司馬遼太郎が考えたこと(新潮社刊)11に次の文あり。現在の日本の汚職というのは構造化しています。役人や代議士、あるいは市会議員や県会議員までもがアジア化(シナの役人・賄賂制)しているようです。
 公共の十水事業における談合などが問題になっていますが、江戸時代の土木というのは、宝暦の木曽川の冶水工事は江戸幕府が薩摩藩にただでやらせたものでした。薩摩藩をほとんど疲弊さすまでにやらせたわけでしょう。薩摩藩は、自領と何の関係もない濃尾平野の治水をして、伊勢までにいたる三百余カ村をうるおすことになります。費用は全額薩摩藩負担で、予算は二十万両ほどでした。それが結果としては四十万両になり、藩に損害をかけたというので、総奉行平田靫負以下五十一人の藩士が工事がおわってから現場で切腹します。これが、江戸期の役人道でしたし、土木工事でした。

 明治になると、徳川慶喜はいっさいの什器、宝物、兵器を置いたまま風呂敷包み一つで実家の水戸へ帰ってゆく。そのあとに天皇がお入りになった。でも徳川家の財産を相続したという考えは、だれも持ちません。要するに.百姓を搾った金で出来あがったわけですから、江戸城もそうやって交替しました。

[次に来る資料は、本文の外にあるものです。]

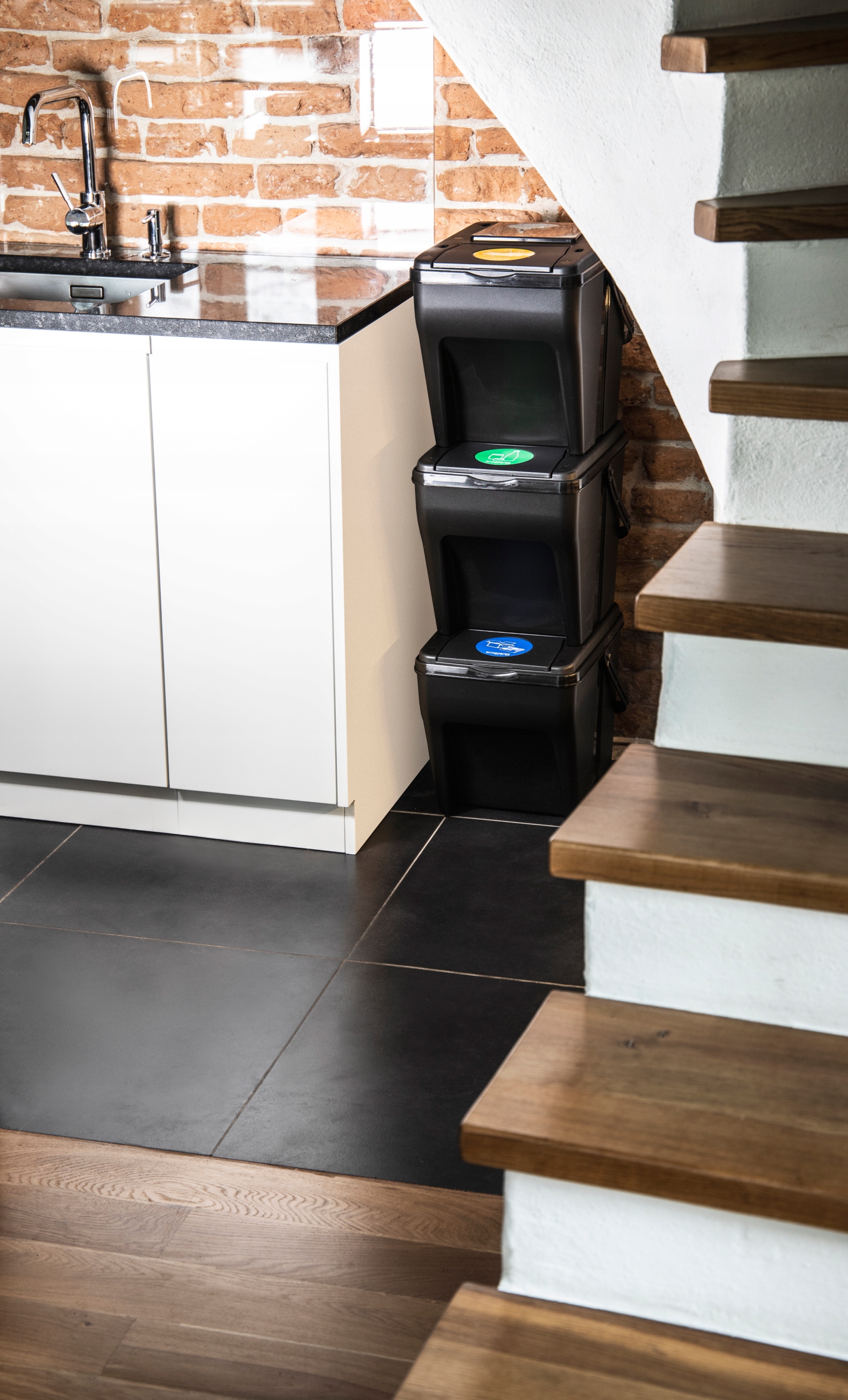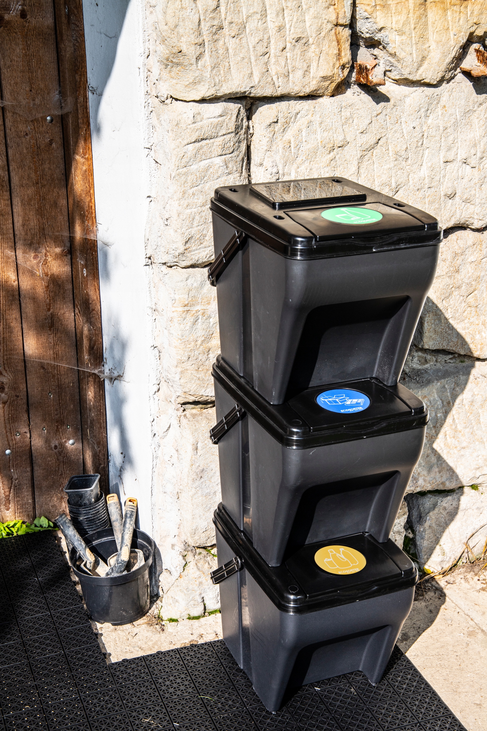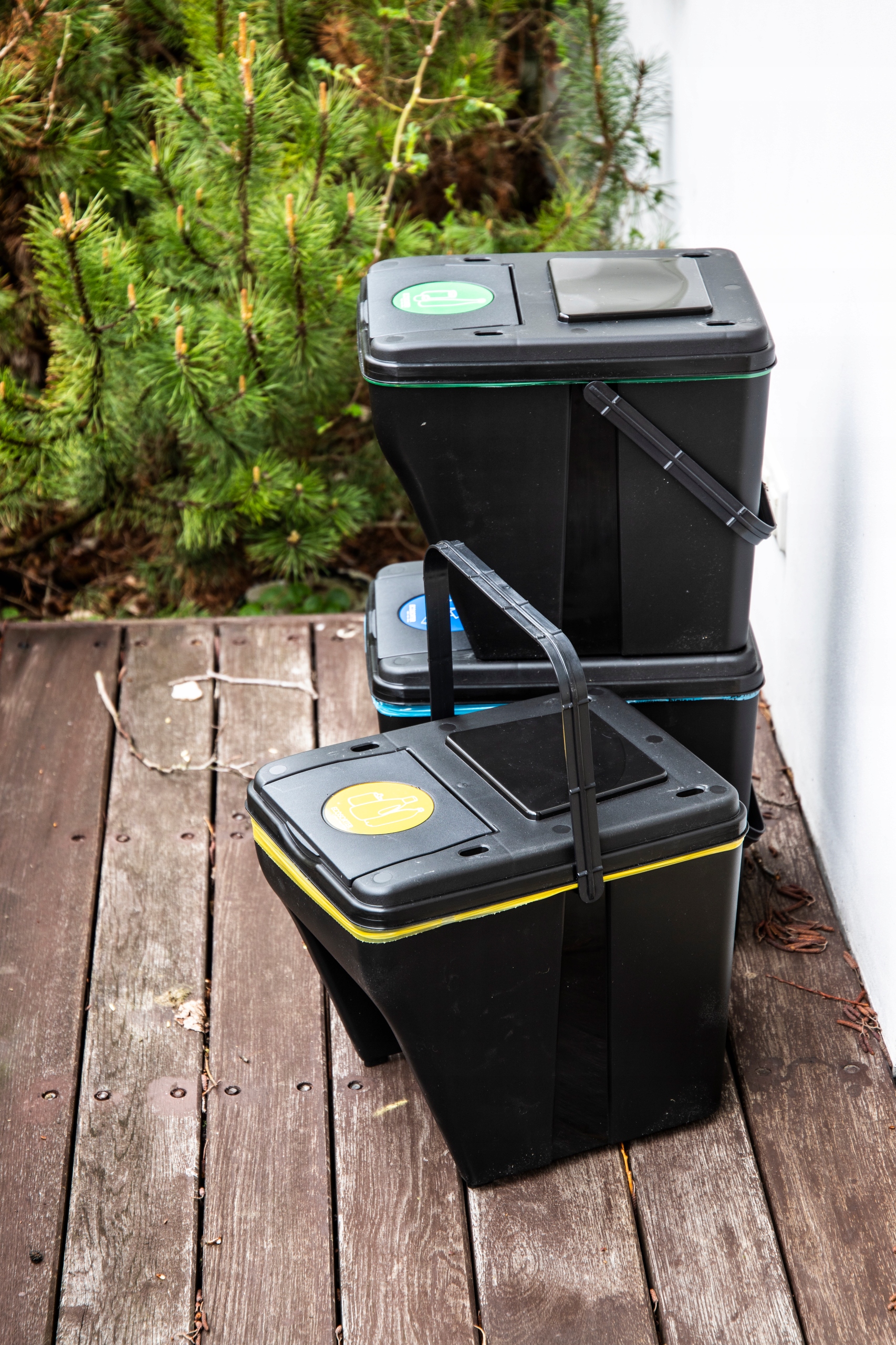 Набір із трьох інноваційних контейнерів для сортування сміття є ідеальним рішенням для людей, які хочуть брати активну участь у захисті навколишнього середовища як вдома, так і в офісі та на відкритому повітрі будівель. Кожен 25-літровий контейнер виготовлено з високоякісних перероблених матеріалів, що робить його чудовим вибором для тих, хто прагне вести екологічний спосіб життя.
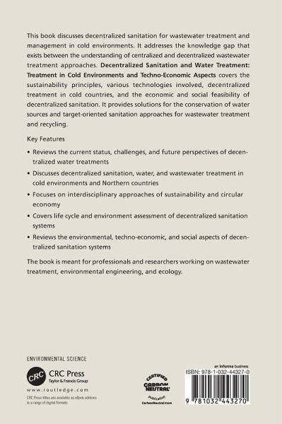 This book discusses decentralized sanitation for wastewater treatment and management in cold environments. It covers the life cycle and environmental assessment of decentralized sanitation systems. It includes topics like the treatment of run-off water from de-icing salt for road safety and the anaerobic treatment of wastewater.
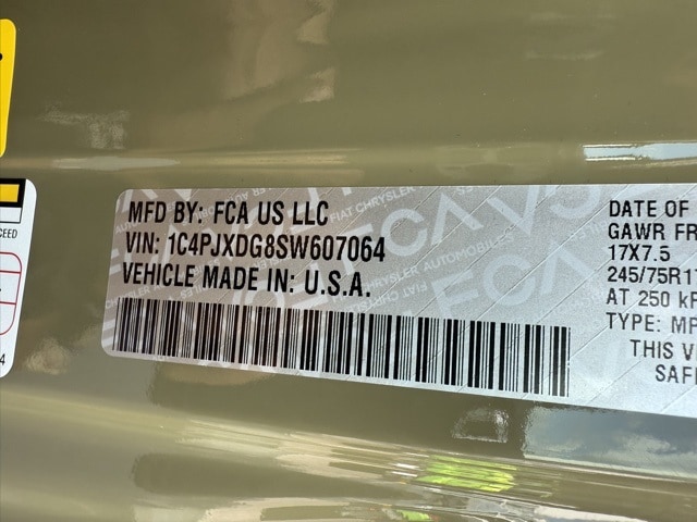 This Wrangler is well equipped with Quick Order Package 24S Sport S (Advanced Brake Assist, Automatic Headlamps, Corning Gorilla Glass, Deep Tint Sunscreen Windows, Enhanced Adaptive Cruise Control, Full Speed Forward Collision Warning Plus, Power Heated Mirrors, Premium Wrapped Steering Wheel, Security Alarm, Sun Visors w/Illuminated Vanity Mirrors, and Wheels: 17" x 7.5" Gray), 110 MPH Vehicle Max Speed Calibration, 3.45 Overall Top Gear Ratio, 4-Wheel Disc Brakes, 8 Speakers, ABS brakes, Air Conditioning, AM/FM radio: SiriusXM, Apple CarPlay/Android Auto, Aux Battery, Brake assist, Cloth Low-Back Bucket Seats, Compass, Delay-off headlights, Driver door bin, Driver vanity mirror, Dual front impact airbags, Dual front side impact airbags, Electronic Stability Control, Front anti-roll bar, Front Bucket Seats, Front Center Armrest w/Storage, Front fog lights, Front reading lights, Illuminated entry, Integrated roll-over protection, Low tire pressure warning, MOPAR All-Weather Floor Mats, Non-Lock Fuel Cap w/o Discriminator, Normal Duty Suspension, Occupant sensing airbag, Outside temperature display, Overhead airbag, Panic alarm, ParkView Rear Back-Up Camera, Passenger door bin, Passenger vanity mirror, Power steering, Power Top Quarter Window Storage Bag, Power windows, Radio data system, Radio: Uconnect 5 w/12.3" Display, Rear anti-roll bar, Rear reading lights, Rear Window Defroster, Rear Window Wiper/Washer, Remote keyless entry, Removable Rear Quarter Windows, Sky 1-Touch Power Top, Speed control, Split folding rear seat, Steering wheel mounted audio controls, Stop-Start Dual Battery System, Tachometer, Telescoping steering wheel, Tilt steering wheel, Traction control, Trip computer, Variably intermittent wipers, and Wheels: 17" x 7.5" Black Steel Styled. Not all customers qualify for all rebates. See dealer for details. Price includes: $2500 - 2025 National Retail Bonus Cash . Exp. 11/03/2025
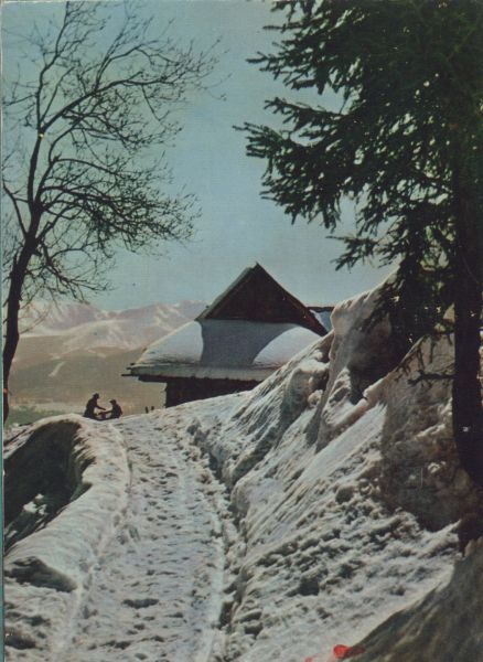 Zimowy widok na drogę prowadzącą do domostwa na Gubałówce. Widoczne 2 osoby przy domu. W tle Tatry Wysokie.
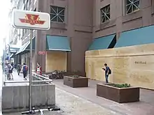 A former film studio located on Eastern Avenue was designated as a temporary detention centre for individuals arrested during the summit.[27] Toronto Police Service announced that Trinity Bellwoods Park would be the designated protest area, but following opposition from local residents, police relocated the designated protest zone to the northern part of Queen's Park.[28] Canada Post declared that it would remove post boxes in the security zone.[29] Toronto Parking Authority removed some parking meters as well. Small trees along sidewalks around the convention centre were removed to prevent them from being used as weapons by protesters.[30][31] Other removed municipal properties include 745 newspaper boxes, 200 public trash cans, 70 mailboxes, 29 bus shelters, and 5 public information boards.[32]
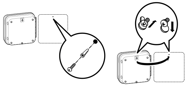 - Use the hole at the top of the controller as a reference and secure a 1" (25 mm) screw into the wall. Note: Install screw anchors when attaching the controller to drywall or masonry wall.
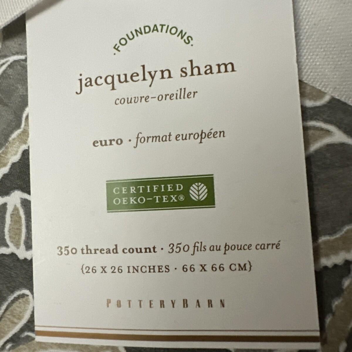 POTTERY BARN JACQUELYN MEDALLION ORGANIC COTTON SATEEN 1pc EURO SHAM BNWT
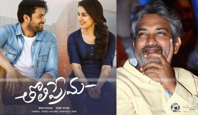 చిన్న సినిమాలను మెచ్చుకోవడంలో ఈ మధ్య రాజమౌళి ముందుంటున్నారు. గతేడాది ది బెస్ట్ ఫిల్మ్ అంటూ ‘అర్జున్రెెడ్డి’ చిత్రాన్ని ప్రశంసలతో ముంచెత్తేశాడు. విజయ్ దేవరకొండ హీరోగా తెరకెక్కిందీ చిత్రం. అలాగే తాజాగా రాజమౌళి దృష్టిని ఆకర్షించిన మరో చిత్రం ‘తొలిప్రేమ’.
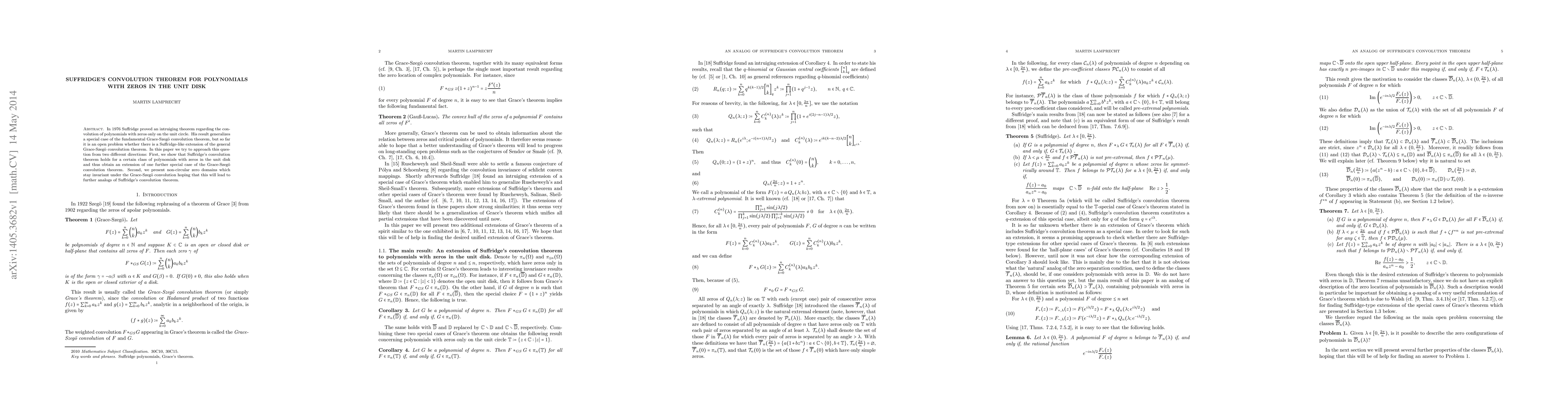 In 1976 Suffridge proved an intruiging theorem regarding the convolution of polynomials with zeros only on the unit circle. His result generalizes a special case of the fundamental Grace-Szeg\"o convolution theorem, but so far it is an open problem whether there is a Suffridge-like extension of the general Grace-Szeg\"o convolution theorem. In this paper we try to approach this question from two different directions: First, we show that Suffridge's convolution theorem holds for a certain class of polynomials with zeros in the unit disk and thus obtain an extension of one further special case of the Grace-Szeg\"o convolution theorem. Second, we present non-circular zero domains which stay invariant under the Grace-Szeg\"o convolution hoping that this will lead to further analogs of Suffridge's convolution theorem.
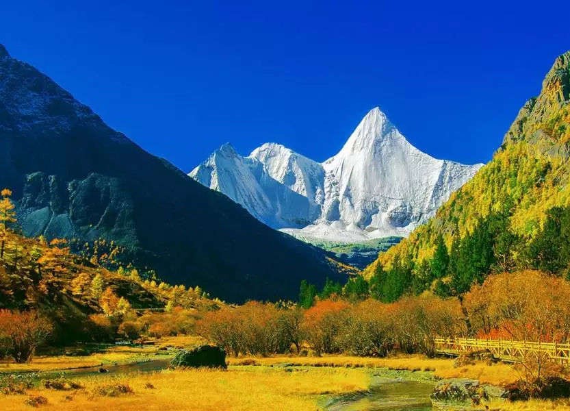 它位于甘孜藏族自治州,四川西南部位置,西藏、云南与之相邻。东经的度数为99度-100度,北纬的度数是28度,隶属于横断山脉。海报的高度跨度很大,2900米到6032米,特殊的地理位置也给他创造了独特的景观,是国内保存超级完整的生态景区。

 小さなお城はどうなんでしょうか。松山城などは、もともとは秀吉の部将の加藤嘉明が一所懸命につくった名城です。市街地のちょっとした丘の上にあります。石を運んだりいろいろやるのは、全部侍だったんです。もちろん百姓もやりましたが、侍がモッコを担いだんです。
それは高知城もそうでした。山内家が高知に入って、高知城を興すときも、百々越前という設計の上手な人が雇われて設計をやり、山内家は身分の上下なしにモッコを担いだ。松山城の場合、城主嘉明の奥さんが景気づけのために路上で握り飯をつくって働いている者にふるまったそうです。
築城ばかりではない。一旦緩急あればと読み代えよ。
市長たるもの、その女房は部下を動かすためには汗を出し身銭を切れと教えているゾ。